-- Information given follows --

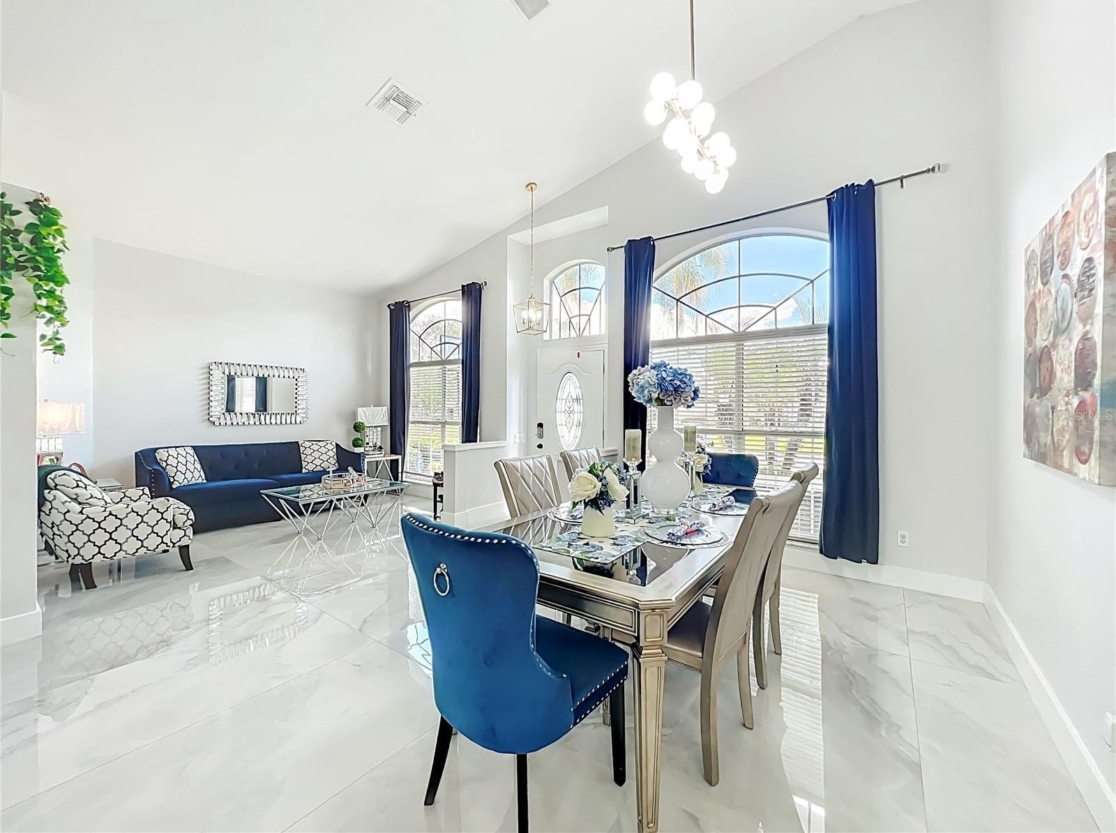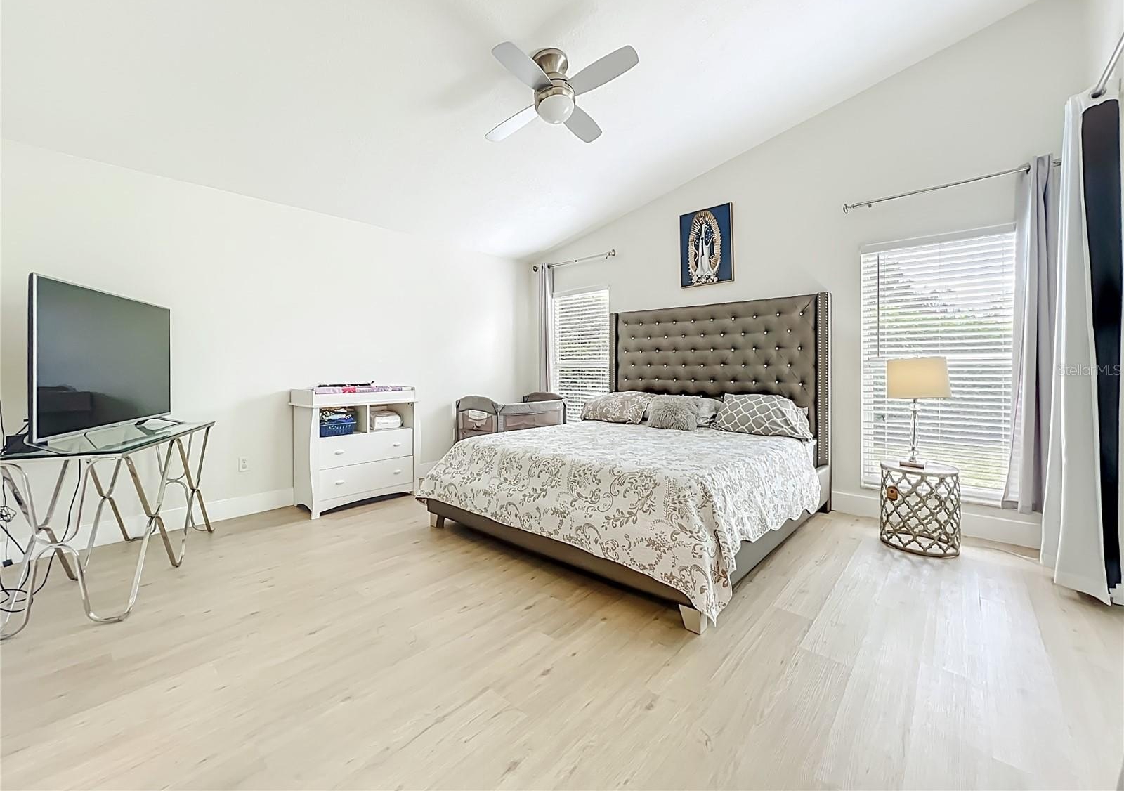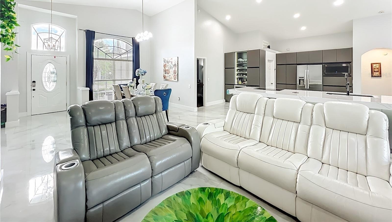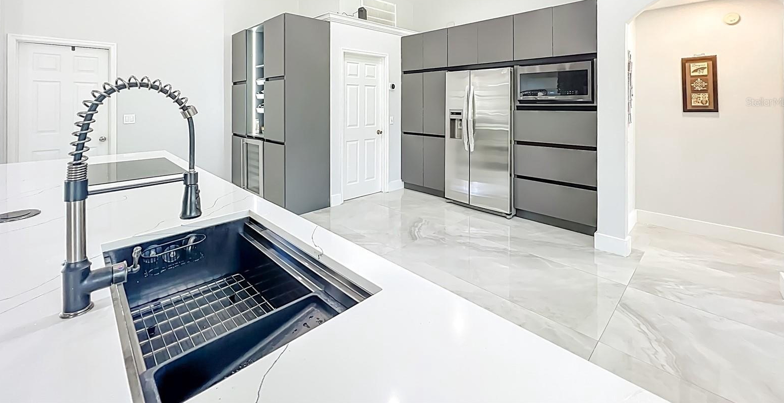One or more photo(s) has been virtually staged. Beautifully updated corner-lot home on a quiet cul-de-sac in an intimate community of just 99 homes. Features an impressive 11.5-ft quartz kitchen island, built-in stainless steel appliances, a wine fridge, and a bright open floor plan. Main living areas showcase oversized 64x38 porcelain tile, while bedrooms feature new luxury vinyl plank flooring.
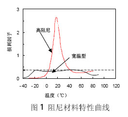 摘 要: 简要分析了风力发电机组的噪声源,重点介绍了阻尼减振降噪控制和噪声传播降噪控制的原理和方法,提出风力发电机组的噪声控制措施和方法。 关键词:风力发电机 阻尼减振 噪声控制 0 引言 能源是现代社会和经济发展的基础。在常规能源告急和全球生态环境恶化的双重压力下,风能作为最有开发利用前景和技术最成熟的一种新能源和可再生能源之一,已成了全球能源工业关注的热点。自二十世纪七十年代以来,风能开发和利用在欧美发达国家发展非常迅速,风力发电的技术也日趋成熟。中国国家计委于1996 年3 月制定了“乘风计划”,以风力发电机的国产化来带动风电场建设的产业化。该计划旨在采取技贸结合的形式,引进国外先进技术,通过消化吸收,达到自主开发,自行设计和制造大型风力发电机的能力[1]。 风能开发能减轻空气污染和水污染,但如果处理不当,则会增加噪声污染。近几年,随着风力发电机国产化程度的不断扩大,而我国制造业与欧美发达国家还有一定的差距,因此国产化风力发电机振动噪声问题逐渐显现出来。风力发电场附近居民对风力发电机组产生大噪声烦扰的投诉、申告也越来越多,甚至威胁到风力发电机的正常国产产业化,因此,风力发电机的减振降噪控制是非常重要和必要的。本文将重点讨论阻尼减振降噪技术和噪声传播降噪技术在风力发电机组噪声控制中的应用。 1 噪声源分析 风力发电机组工作过程中在风及运动部件的激励下,叶片及机组部件产生了较大的噪声,其噪声源主要有: (1)机械噪声及结构噪声 齿轮噪声。啮合的齿轮对或齿轮组,由于互撞和摩擦激起齿轮体的振动,而通过固体结构辐射齿轮噪声。 ② 轴承噪声。由轴承内相对运动元件之间的摩擦和振动及转动部件的不平衡或相对运动元件之间的撞击引起振动辐射产生噪声。 ③ 周期作用力激发的噪声。由转动轴等旋转机械部件产生周期作用力激发的噪声。 ④ 电机噪声。不平衡的电磁力使电机产生电磁振动,并通过固体结构辐射电磁噪声。 机械噪声和结构噪声是风力发电机组的主要噪声源,而且对人的烦扰度最大。这部分噪声是能够控制的,其主要途径是避免或减少撞击力、周期力和摩擦力,如提高加工工艺和安装精度,使齿轮和轴承保持良好的润滑条件等。为减小机械部件的振动,可在接近力源的地方切断振动传递的途径,如以弹性连接代替刚性连接;或采取高阻尼材料吸收机械部件的振动能,以降低振动噪声。 空气动力噪声由叶片与空气之间作用产生,它的大小与风速有关,随风速增大而增强。处理空气动力噪声的困难在于其声源处在传播媒质中,因而不容易分离出声源区。 (3)通风设备噪声 散热器、通风机等辅助设备产生的噪声。 2 噪声控制 噪声控制可以从噪声源、噪声传播途径和噪声接受者三方面入手[2]。噪声控制技术主要以噪声的声学控制方法为主,具体的技术途径一般包括隔声处理、吸声处理、振动的隔离、阻尼减振等。隔声处理和吸声处理属于噪声传播降噪控制;振动的隔离和阻尼减振属于阻尼减振降噪控制。这些噪声控制方法的机理在于,通过噪声声波与声学材料或声学结构、振动波与阻尼材料或阻尼结构的相互作用消耗能量,从而达到降低噪声的目的。 2.1.1 阻尼材料及其特性 材料阻尼是指材料内部在经受振动变形过程中损耗振动能量的能力[3]。阻尼材料也称粘弹阻尼材料,或粘弹性高阻尼材料。它是一种兼有某些粘性液体和弹性固体特性的材料。粘性液体有耗散能量的能力,而不能储存能量;相反,弹性材料有储存能量的能力,而不能耗散能量。粘弹性材料介于两者之间,当它产生动态应力和应变时,有一部分能量被转化为热能而耗散掉,而另一部分能量以位能的形式储存起来。能量被转化和耗散的现象表现为阻尼特性。利用它可抑制共振频率下的振动峰值,减少振动沿结构的传递,降低结构噪声。 各种阻尼材料都受环境温度和工作频率的影响,温度不同,工作频率不同,阻尼特性也不同。作为良好的阻尼材料,应在较宽温度范围和较宽频率范围具有较高的损耗因子,如图1 所示。
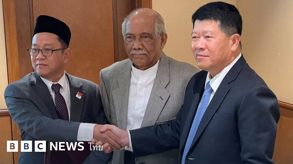 คำบรรยายภาพ, อานัส อับดุลเราะห์มาน หัวหน้าคณะบีอาร์เอ็น (ซ้าย) จับมือกับ พล.อ.วัลลภ รักเสนาะ หัวหน้าคณะพูดคุยสันติสุขฯ (ขวา) โดยมีตันซรี อับดุล ราฮิม บิน โมฮัมหมัด นอร์ ผู้อำนวยความสะดวกจากมาเลเซีย อยู่ตรงกลาง
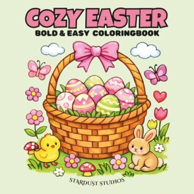 Cozy Easter: Bold & Easy Coloringbook: Cute Bunnies, Chicks, Eggs Spring Scenes for Relaxation and Stress Relief Easter Coloring Pages
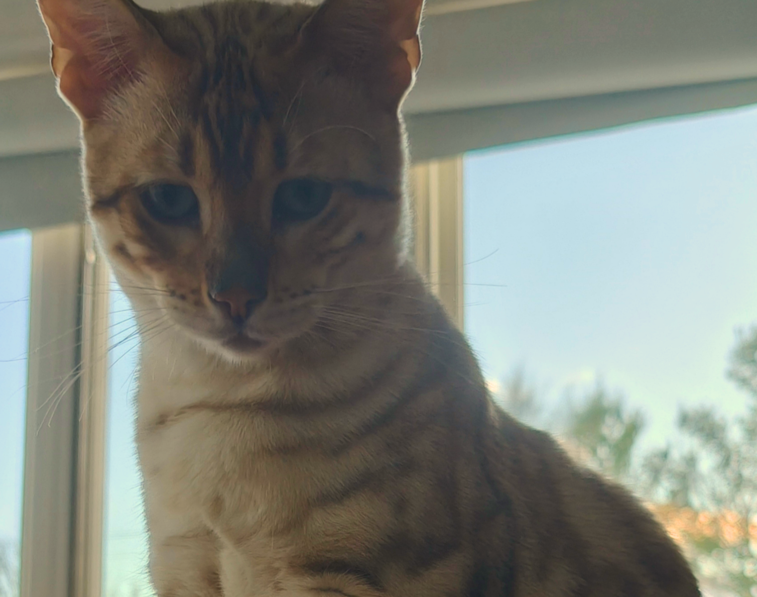 Olympus is the energetic one out of the bunch. He is always at your side with a playful aroma. He is energetic and has a feistiness, but he also loves people. He is very handsome with beautiful blue eyes and a light soft fur. He is bigger and stronger than most cats and he shows a scene whenever he walks with his muscles rippling.
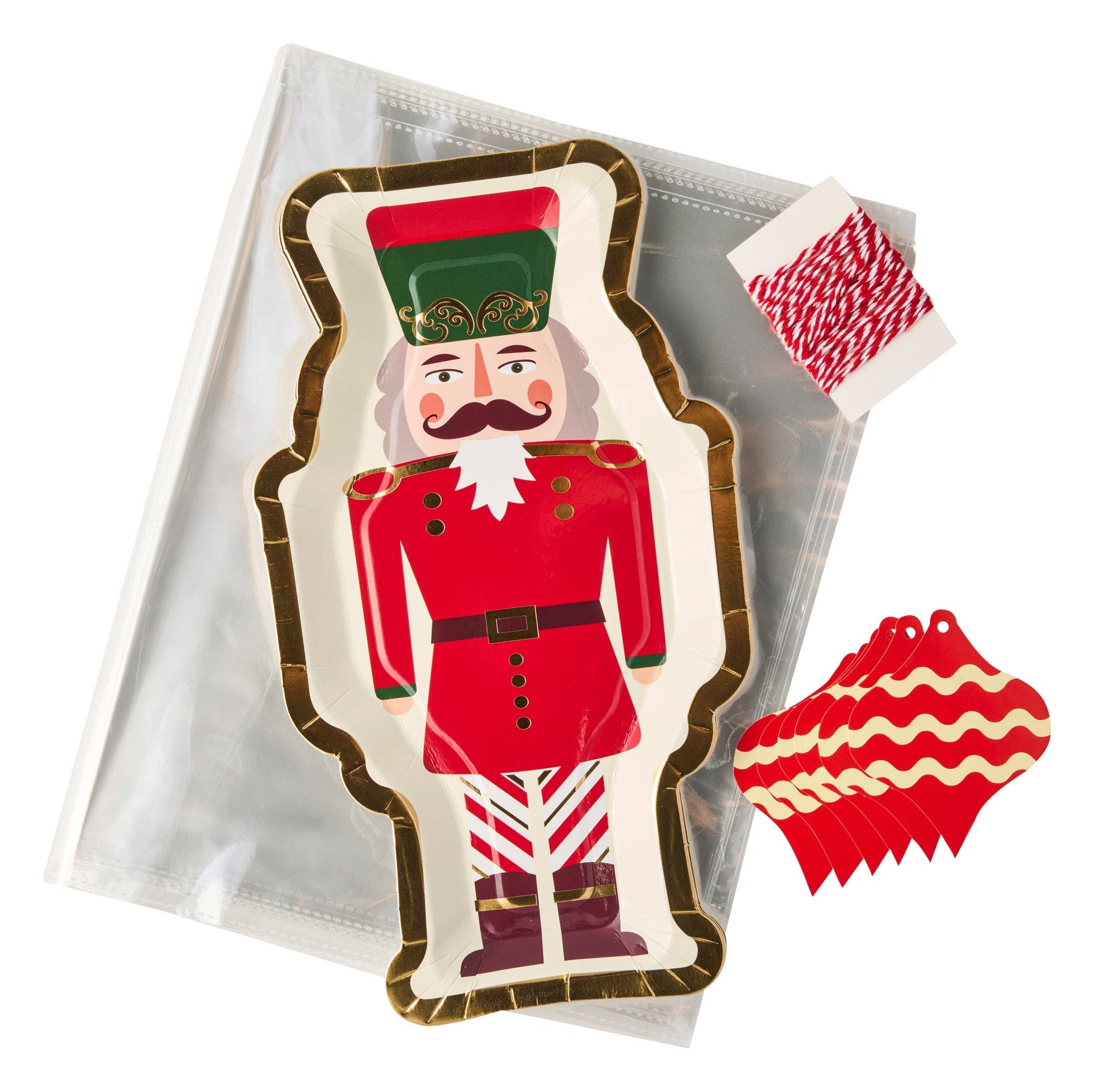This set includes six festive, die-cut trays shaped like Nutcracker perfect for presenting cookies, sweets, or small holiday treats. The Gifting Kit also contains 6 gift tags, 6 clear bags, and bakers twine for picture-perfect packaging!
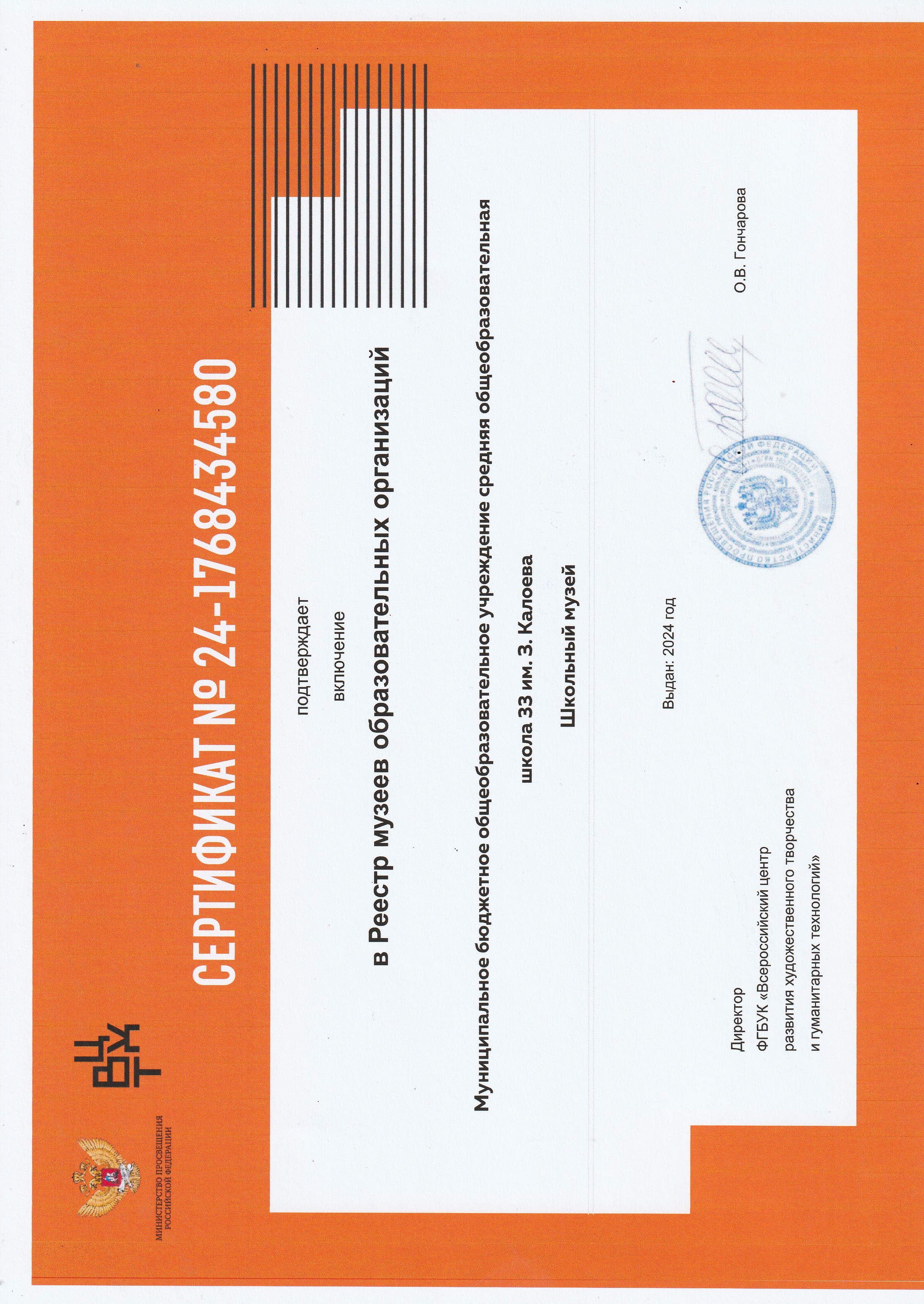 Положение о школьном музее МБОУ СОШ №33 им. З. Калоева

-- Information given concluded --

▸ What to do:
Return every entry word for word, but drop any pictures.

▸ Answer to the problem:
One or more photo(s) has been virtually staged. Beautifully updated corner-lot home on a quiet cul-de-sac in an intimate community of just 99 homes. Features an impressive 11.5-ft quartz kitchen island, built-in stainless steel appliances, a wine fridge, and a bright open floor plan. Main living areas showcase oversized 64x38 porcelain tile, while bedrooms feature new luxury vinyl plank flooring.
 摘 要: 简要分析了风力发电机组的噪声源,重点介绍了阻尼减振降噪控制和噪声传播降噪控制的原理和方法,提出风力发电机组的噪声控制措施和方法。 关键词:风力发电机 阻尼减振 噪声控制 0 引言 能源是现代社会和经济发展的基础。在常规能源告急和全球生态环境恶化的双重压力下,风能作为最有开发利用前景和技术最成熟的一种新能源和可再生能源之一,已成了全球能源工业关注的热点。自二十世纪七十年代以来,风能开发和利用在欧美发达国家发展非常迅速,风力发电的技术也日趋成熟。中国国家计委于1996 年3 月制定了“乘风计划”,以风力发电机的国产化来带动风电场建设的产业化。该计划旨在采取技贸结合的形式,引进国外先进技术,通过消化吸收,达到自主开发,自行设计和制造大型风力发电机的能力[1]。 风能开发能减轻空气污染和水污染,但如果处理不当,则会增加噪声污染。近几年,随着风力发电机国产化程度的不断扩大,而我国制造业与欧美发达国家还有一定的差距,因此国产化风力发电机振动噪声问题逐渐显现出来。风力发电场附近居民对风力发电机组产生大噪声烦扰的投诉、申告也越来越多,甚至威胁到风力发电机的正常国产产业化,因此,风力发电机的减振降噪控制是非常重要和必要的。本文将重点讨论阻尼减振降噪技术和噪声传播降噪技术在风力发电机组噪声控制中的应用。 1 噪声源分析 风力发电机组工作过程中在风及运动部件的激励下,叶片及机组部件产生了较大的噪声,其噪声源主要有: (1)机械噪声及结构噪声 齿轮噪声。啮合的齿轮对或齿轮组,由于互撞和摩擦激起齿轮体的振动,而通过固体结构辐射齿轮噪声。 ② 轴承噪声。由轴承内相对运动元件之间的摩擦和振动及转动部件的不平衡或相对运动元件之间的撞击引起振动辐射产生噪声。 ③ 周期作用力激发的噪声。由转动轴等旋转机械部件产生周期作用力激发的噪声。 ④ 电机噪声。不平衡的电磁力使电机产生电磁振动,并通过固体结构辐射电磁噪声。 机械噪声和结构噪声是风力发电机组的主要噪声源,而且对人的烦扰度最大。这部分噪声是能够控制的,其主要途径是避免或减少撞击力、周期力和摩擦力,如提高加工工艺和安装精度,使齿轮和轴承保持良好的润滑条件等。为减小机械部件的振动,可在接近力源的地方切断振动传递的途径,如以弹性连接代替刚性连接;或采取高阻尼材料吸收机械部件的振动能,以降低振动噪声。 空气动力噪声由叶片与空气之间作用产生,它的大小与风速有关,随风速增大而增强。处理空气动力噪声的困难在于其声源处在传播媒质中,因而不容易分离出声源区。 (3)通风设备噪声 散热器、通风机等辅助设备产生的噪声。 2 噪声控制 噪声控制可以从噪声源、噪声传播途径和噪声接受者三方面入手[2]。噪声控制技术主要以噪声的声学控制方法为主,具体的技术途径一般包括隔声处理、吸声处理、振动的隔离、阻尼减振等。隔声处理和吸声处理属于噪声传播降噪控制;振动的隔离和阻尼减振属于阻尼减振降噪控制。这些噪声控制方法的机理在于,通过噪声声波与声学材料或声学结构、振动波与阻尼材料或阻尼结构的相互作用消耗能量,从而达到降低噪声的目的。 2.1.1 阻尼材料及其特性 材料阻尼是指材料内部在经受振动变形过程中损耗振动能量的能力[3]。阻尼材料也称粘弹阻尼材料,或粘弹性高阻尼材料。它是一种兼有某些粘性液体和弹性固体特性的材料。粘性液体有耗散能量的能力,而不能储存能量;相反,弹性材料有储存能量的能力,而不能耗散能量。粘弹性材料介于两者之间,当它产生动态应力和应变时,有一部分能量被转化为热能而耗散掉,而另一部分能量以位能的形式储存起来。能量被转化和耗散的现象表现为阻尼特性。利用它可抑制共振频率下的振动峰值,减少振动沿结构的传递,降低结构噪声。 各种阻尼材料都受环境温度和工作频率的影响,温度不同,工作频率不同,阻尼特性也不同。作为良好的阻尼材料,应在较宽温度范围和较宽频率范围具有较高的损耗因子,如图1 所示。
 คำบรรยายภาพ, อานัส อับดุลเราะห์มาน หัวหน้าคณะบีอาร์เอ็น (ซ้าย) จับมือกับ พล.อ.วัลลภ รักเสนาะ หัวหน้าคณะพูดคุยสันติสุขฯ (ขวา) โดยมีตันซรี อับดุล ราฮิม บิน โมฮัมหมัด นอร์ ผู้อำนวยความสะดวกจากมาเลเซีย อยู่ตรงกลาง
 Cozy Easter: Bold & Easy Coloringbook: Cute Bunnies, Chicks, Eggs Spring Scenes for Relaxation and Stress Relief Easter Coloring Pages
 Olympus is the energetic one out of the bunch. He is always at your side with a playful aroma. He is energetic and has a feistiness, but he also loves people. He is very handsome with beautiful blue eyes and a light soft fur. He is bigger and stronger than most cats and he shows a scene whenever he walks with his muscles rippling.
This set includes six festive, die-cut trays shaped like Nutcracker perfect for presenting cookies, sweets, or small holiday treats. The Gifting Kit also contains 6 gift tags, 6 clear bags, and bakers twine for picture-perfect packaging!
 Положение о школьном музее МБОУ СОШ №33 им. З. Калоева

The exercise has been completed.